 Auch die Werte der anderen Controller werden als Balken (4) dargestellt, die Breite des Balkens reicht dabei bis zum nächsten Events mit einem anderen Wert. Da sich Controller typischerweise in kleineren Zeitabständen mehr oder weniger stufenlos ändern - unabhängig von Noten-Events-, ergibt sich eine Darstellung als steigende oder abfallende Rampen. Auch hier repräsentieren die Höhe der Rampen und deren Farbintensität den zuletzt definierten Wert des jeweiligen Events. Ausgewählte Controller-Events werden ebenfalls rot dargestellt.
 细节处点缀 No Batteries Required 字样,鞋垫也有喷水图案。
* * *
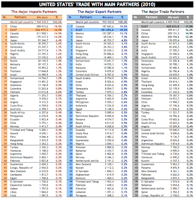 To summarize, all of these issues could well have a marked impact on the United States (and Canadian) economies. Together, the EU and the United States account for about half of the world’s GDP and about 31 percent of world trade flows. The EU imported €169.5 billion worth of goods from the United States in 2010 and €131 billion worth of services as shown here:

### TASK ITEM
Every line from the line containing "Auch die Werte" through the line containing "细节处点缀 No Batteries Required 字样,鞋垫也有喷水图案。" in the records above must be retyped exactly. Leave out the rest.

### EXERCISE RESPONSE
 Auch die Werte der anderen Controller werden als Balken (4) dargestellt, die Breite des Balkens reicht dabei bis zum nächsten Events mit einem anderen Wert. Da sich Controller typischerweise in kleineren Zeitabständen mehr oder weniger stufenlos ändern - unabhängig von Noten-Events-, ergibt sich eine Darstellung als steigende oder abfallende Rampen. Auch hier repräsentieren die Höhe der Rampen und deren Farbintensität den zuletzt definierten Wert des jeweiligen Events. Ausgewählte Controller-Events werden ebenfalls rot dargestellt.
 细节处点缀 No Batteries Required 字样,鞋垫也有喷水图案。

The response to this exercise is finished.